バブル時には1位であったことを考えると感慨深いものがある。
スイスの大学院IMDは世界の55カ国・地域の競争力を順位付けをし'08年度「世界競争力ランキング」として発表した。
「最も世界によい影響をもたらしている国は日本とカナダ」。
英国、BBC放送と米メリーランド大が27ヵ国、2万8千人を対象におこなった共同世論調査での結果を、600の世界のメディアが報じていたもの。
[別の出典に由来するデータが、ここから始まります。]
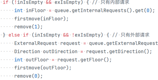 本次题目中的其他类别与第六次作业中的设计大差不差,而新增的Passenger类的作用自然是完成此次作业中的新需求:本次作业中的算法逻辑发生了一点有趣的小变化,现在的外部请求更像是两个指令:指令左侧的相当于原来题目中的一个外部请求,而右侧则是额外的一个内部请求,并且会加入内部请求的末尾。这对于我们代码对指令的处理要求就更高了,只有处理好每一个内外部代码的先后与背后逻辑,才能使得电梯正确的运行。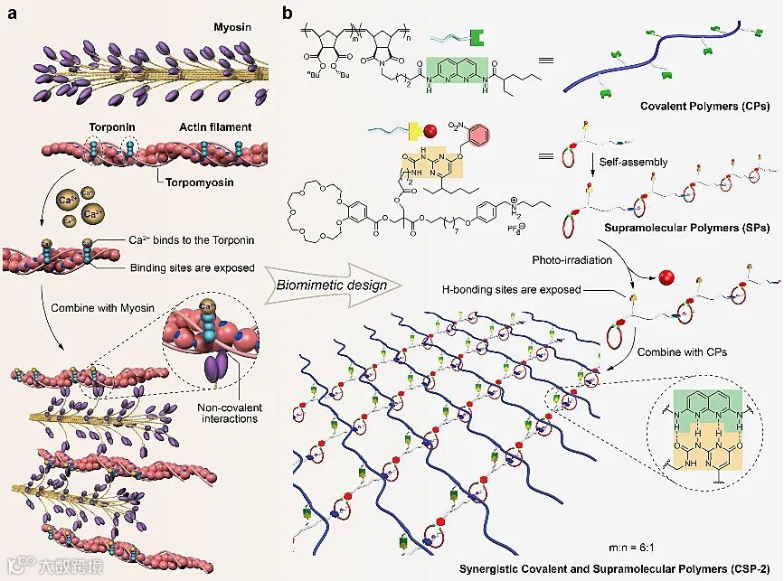 共价聚合物 (Covalent Polymers, CPs) 性质稳定、机械性能优异,但缺乏动态性。与之相反,新兴的超分子聚合物 (Supramolecular Polymers, SPs) 动态性有余而机械性能不足。这些性能限制了这两类聚合物材料在特定领域的应用,尤其是对机械性能和动态性要求均高的场合。在自然界,除了单一的共价或超分子聚合物,还存在两者共同作用的协同的共价-超分子聚合物 (Synergistic Covalent-and-Supramolecular Polymers, CSPs),来实现生命体复杂的生命活动。典型的例子是,在肌肉基本单元肌原纤维中,肌球蛋白 (一类共价聚合物体系CP) 和肌动蛋白丝 (一类超分子聚合物体系SP) 通过协同作用来进行肌肉的收缩活动 (图1)。然而,构筑人工的协同的共价和超分子聚合物来实现特定的性质和功能,目前仍极富挑战。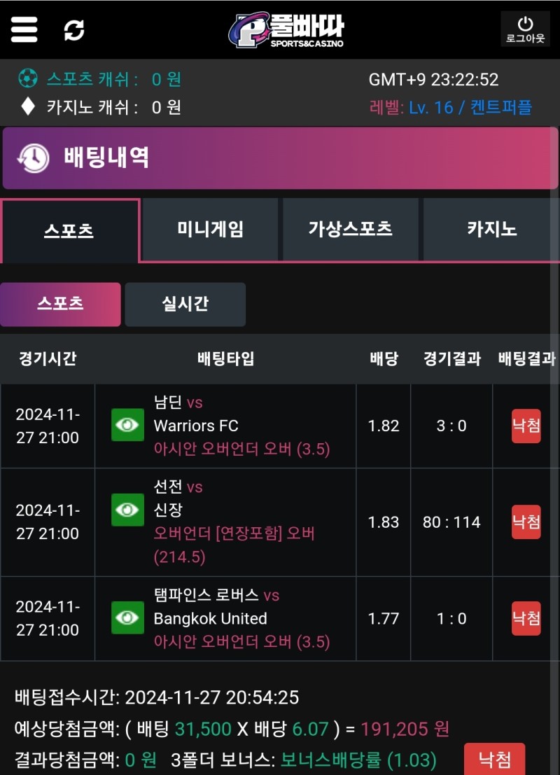 국내경기 낙되고 복구해볼라고 배팅했는데 개같이 역올킬 했습니다. ㅅㅅㅅ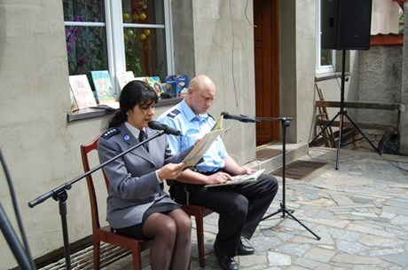 W ogrodzie Filii nr 2 w Krosnowicach przedszkolaki spotkały się z policjantami Komendy Powiatowej Policji w Kłodzku. Tym razem w roli czytających gości wystąpili oficer prasowy – nadkomisarz Wioletta Martuszewska, dzielnicowy Emil Kowalski oraz bibliotekarz z Żelazna Magdalena Berestecka. Maluchy z uwagą słuchały edukacyjnych opowieści, a także przestróg płynących z bajek. Niektóre bajkowe sytuacje miały odniesienie do rzeczywistości. Dzieci bez trudu potrafiły wskazać właściwe postępowanie bohaterów. Pod czujnym okiem pani nadkomisarz dzieci mówiły prawdę i tylko prawdę, niejednokrotnie donosząc na swoich rodziców. Wykazały się także wiedzą nt. bajki Carlo Collodi „Pinokio”. Do notesu pana dzielnicowego oświadczyły, że nigdy nie kłamią, czego dowodem były nosy naturalnej wielkości. W ogrodowej scenerii miał również miejsce koncert na trzy flety w wykonaniu byłych przedszkolaków, a dzisiejszych uczniów miejscowej szkoły podstawowej. Dyrektor Biblioteki Publicznej Gminy Kłodzko Mariola Huzar i bibliotekarz Małgorzata Saczywko bardzo dziękują Pani Marii Zmysłowskiej za dużą pomoc przy organizacji spotkania literackiego dla dzieci.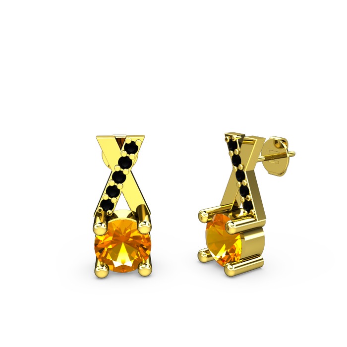 Sitrin ve siyah zirkon 925 ayar altın kaplama gümüş küpe
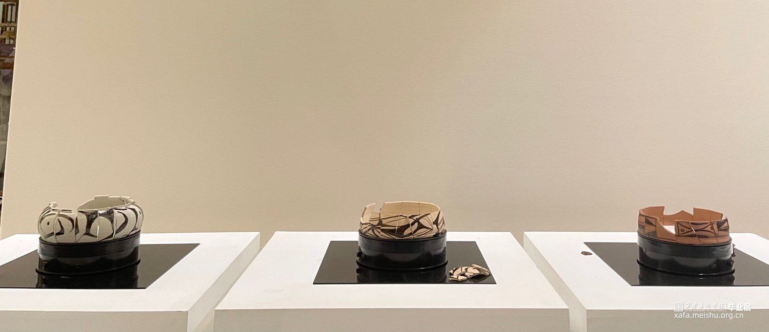 大学期间学校组织的考察活动,在半坡博物馆考察中,有很多极具美感的器皿,但当中有些是残破残缺的,也许是开采挖掘中的不注意不用心,也许是被盗墓贼所破坏,各种的意外造成它们残缺不全,对此我感到非常的惋惜,所以想从保护文物古物入手以及致敬传统手艺,来进行创作一组现代作品。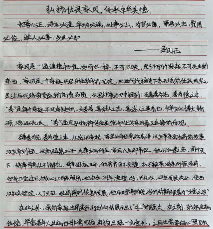 为深入学习贯彻习近平总书记关于家庭家教家风建设重要论述,进一步引导青年学生树立正确的世界观、人生观、价值观;倡导和培育清廉家风、传播清廉价值理念;为风清气正的校园氛围注入清廉力量,beat365平台官方网站党委和纪委暑假期间开展了“颂家训 传家风 倡清廉”新生的一封家书征集活动,通过亲子交流,萃取家训精华;笔墨书写,铭记清朗家风;畅谈廉洁故事,践行廉洁家风,充分挖掘学生身边的家风家训文化,引领和营造家风清朗的教育氛围。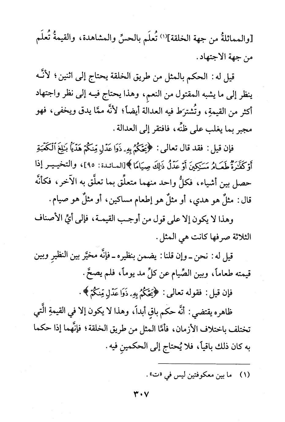 [والمماثلة من جهة الخلقة] تعلم بالحس والمشاهدة، والقيمة تعلم من جهة الاجتهاد.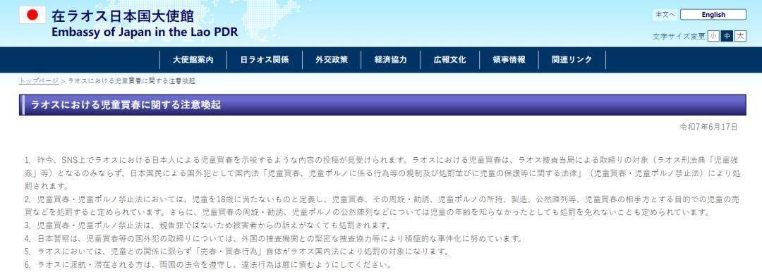 为此,日本驻老挝大使馆在官网向日本民众发布警告称,与未成年人进行性交易在日本和老挝均属违法行为,且该罪行并非自诉犯罪,即使受害者没有起诉,日本警方也将联合外国执法部门打击这一犯罪行为。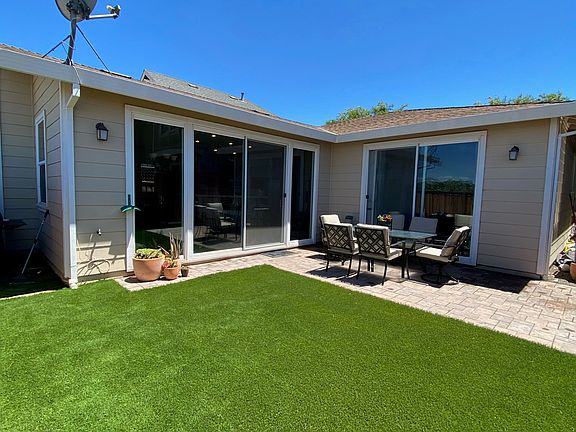 This 3 Bedroom 2 bath 1500SF home features a large open living room and kitchen with vaulted ceilings, tile floors, and a gas fireplace. A conveniently placed slider provides access to the back yard featuring pavers and artificial turf. The back yard backs up to an open/undeveloped grasslands areas providing peace and quiet. Located in a quiet family oriented neighborhood in Northwest Santa Rosa off Orleans St adjacent to Petersen Ln. Two car garage + driveway with additional street parking. Washer and dryer included. Central heat and AC. Modern Stainless steel appliances.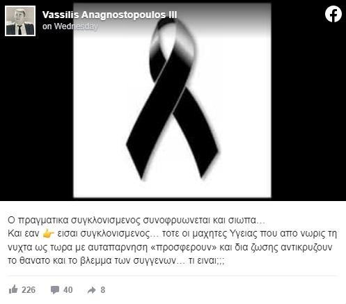 Εξού και η έκρηξή του: «Ο πραγματικά συγκλονισμένος συνοφρυώνεται και σιωπά… Και εαν εισαι συγκλονισμένος… τοτε οι μαχητές Υγείας που απο νωρίς τη νύχτα ως τώρα με αυταπάρνηση «προσφέρουν» και δια ζώσης αντικρύζουν το θάνατο και το βλέμμα των συγγενών… τι είναι;;;».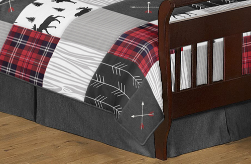 Rustic Patch Toddler Bedding set will help you create an incredible room for your child. This stylish designer bedding set uses an impressive array of striking prints combining a moose print, an arrow print, a wood grain print and red plaid flannel. This collection uses the stylish colors of grey, red, black and white. The design uses brushed microfiber, denim, corduroy and flannel fabrics that are machine washable for easy care. This wonderful set will fit most standard cribs and toddler beds.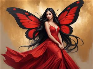پوستر زن پری‌مانند با بال پروانه قرمز و لباس مجلسی برای چاپ در ابعاد بزرگ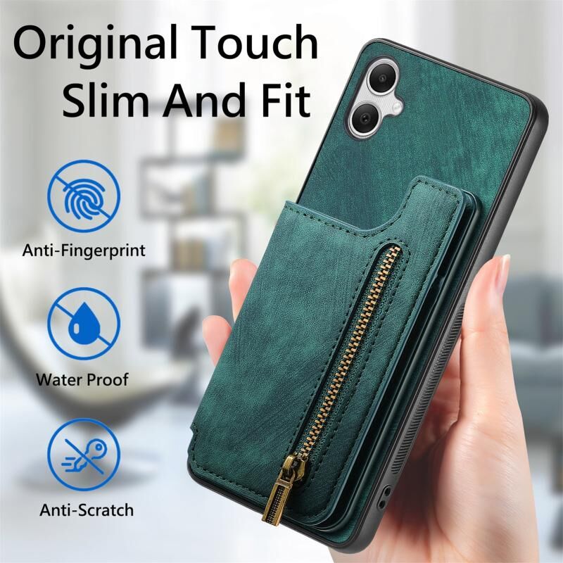 Για Samsung Galaxy A05 Ρετρό δέρμα φερμουάρ πορτοφόλι πίσω θήκη τηλεφώνου (πράσινο)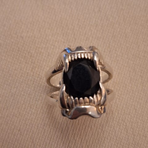 Säljer denna otroliga ring från Maria Nilsdotter. Modellen heter Pierced Leo Ring och säljs inte längre, vilket gör den extra exklusiv och svår att få tag på. Ringen är i silver med detaljer i 18K guld och prydd med orange safirer och svarta spineller. Storleken är 17 mm och ytterkartong medföljer. Nyvärdet är 4 595 kr. Ringen är i bra skick. Den andra bilden är tagen från internet.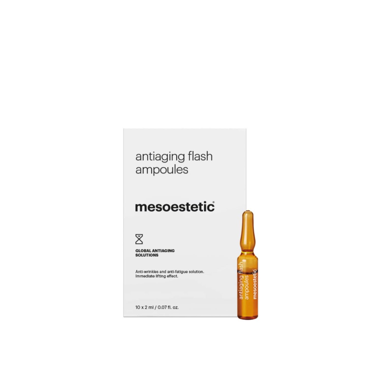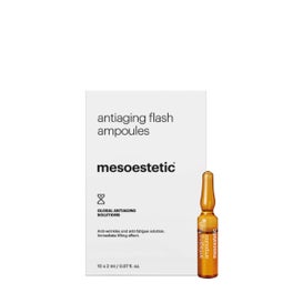 Mesoestetic Antiaging Flash Ampoules 10x2ml es un tratamiento diario anti-edad adecuado para todo tipo de pieles. Este producto ofrece una solución eficaz contra las arrugas y la fatiga, proporcionando un efecto lifting inmediato.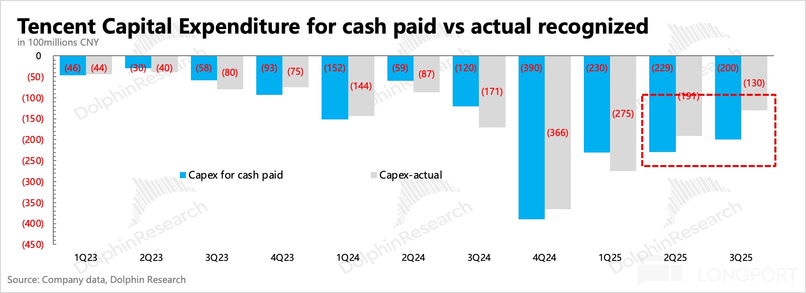 从资本开支实际现金流出和会计确认的差额变化来看,二季度就出现了 Capex 的现金流出大于确认额情况、且三季度差额更高,这说明并非腾讯吝啬花钱,而是钱预付了,但拿不到货。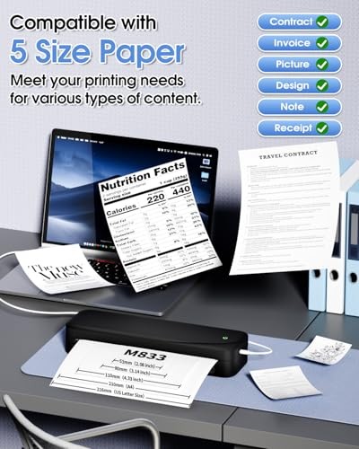 Menu 1. We require immediate payment. 2. We currently accept payment via eBay managed payments only. 3. Once payment is cleared, we will dispatch your shipment within 1-3 business days. Please refer to the "Shipping" tab for more information regarding shipping speed to your destination. M833 Portable Wireless Printer for Travel, Inkless Thermal Printer Bluetooth Support 8.5'' x 11'' US Letter & A4 Thermal Paper, for Phone & Laptop for Office, School, Home Product description M833 portable wireless printer is a compact and portable A4 thermal printer designed for versatile usage in various scenarios including business travel, sales, logistics, offices, homes, and schools. It caters to your printing needs wver you are, ensuring convenience and efficiency M833 portable printer support for Bluetooth connectivity to smartphones and tablets, as well as USB connectivity to computers. Whether you're on the go or in the office, this inkless thermal printer ensures hassle-free printing at your fingertips By employing thermal printing technology, M833 inkless portable printer eliminates the need for ink cartridges or ribbons, ensuring both green and cost-effectiveness. Say goodbye to the hassles and expenses associated with traditional printing methods With a large battery capacity, M833 mobile printer provides extended battery life on a single charge, ensuring prolonged usage even in the absence of power outlets. Say goodbye to interruptions as you enjoy uninterrupted printing wver you are Featuring a high-resolution printing capability of 300 dpi, M833 travel printer s crisp and vibrant print outputs. It also offers support for multiple consumable sizes such as 2 inch, 3 inch, 4 inch, A4 and US Letter, ensuring compatibility with various printing requirements PLEASE MESSAGE US IF YOU HAVE ANY OTHER QUESTIONS, AND MANY THANKS FOR READING ALL OF THIS. Copyright ©#. All Rights Reserved.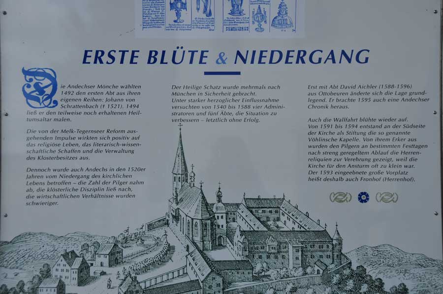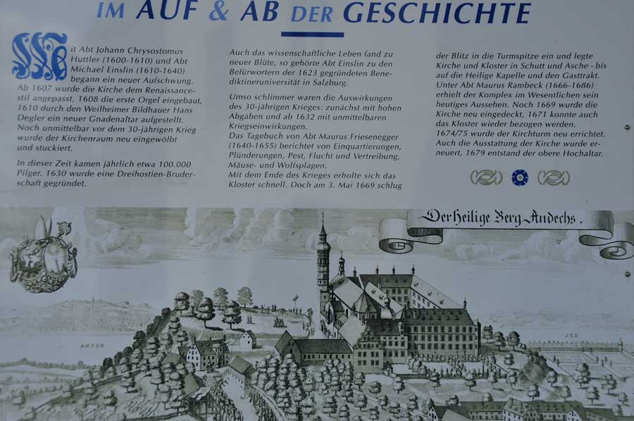 Am Weg weisen einige Schautafeln auf das Auf und Ab in der langen Klostergeschichte hin, so dass auch der weniger kundige Besucher über grundlegende Informationen zur kirchlichen Entwicklungsgeschichte des Klosters verfügt, so er denn die Schautafeln liest und sich nicht auf direktem Weg hinein in das Bräustüberl verirrt. Die Schautafeln weisen auf Details von der Entstehung des Klosters, den entsetzlichen, religiösen Glaubenskriegen im Mittelalter (die sich leider bis in die Moderne fortsetzen) und von bedeutenden Persönlichkeiten der Klosterkirche hin, so erhält der Besucher zumindest einen groben Überblick.

ちなみに、3位はEU欧州連合、4位フランス、5位英国だった。
米ネット企業「エクスペデイア」が欧州のホテル関係者1万5000人を対象にした調査でも日本人が「最良の客」に選ばれている。
「行儀がよいか」「おしやれか」などの採点基準で高ポイントを獲得した。
日本が打ち出した「紛争に関わる3者に利益のために手を携えて、まず、仕事を・・・」と言う中東支援策は「ユニークな発想」として評価され国際社会の支援モデルに。
東大、ハーバード大、華東師範大などの研究チームは日米中の大学生505名に潜在的な意識を測る新たな心理テストを実施。「自分を誇りに思う」程度を推定した。
これまでの調査では最も低い結果であったが、今回は「3者に差はなかった」のだという。
外務省が米国でおこなった世論調査では「日本は経済力に見合った重要な役割を国際社会で果たしている」との答えが83%に・・・。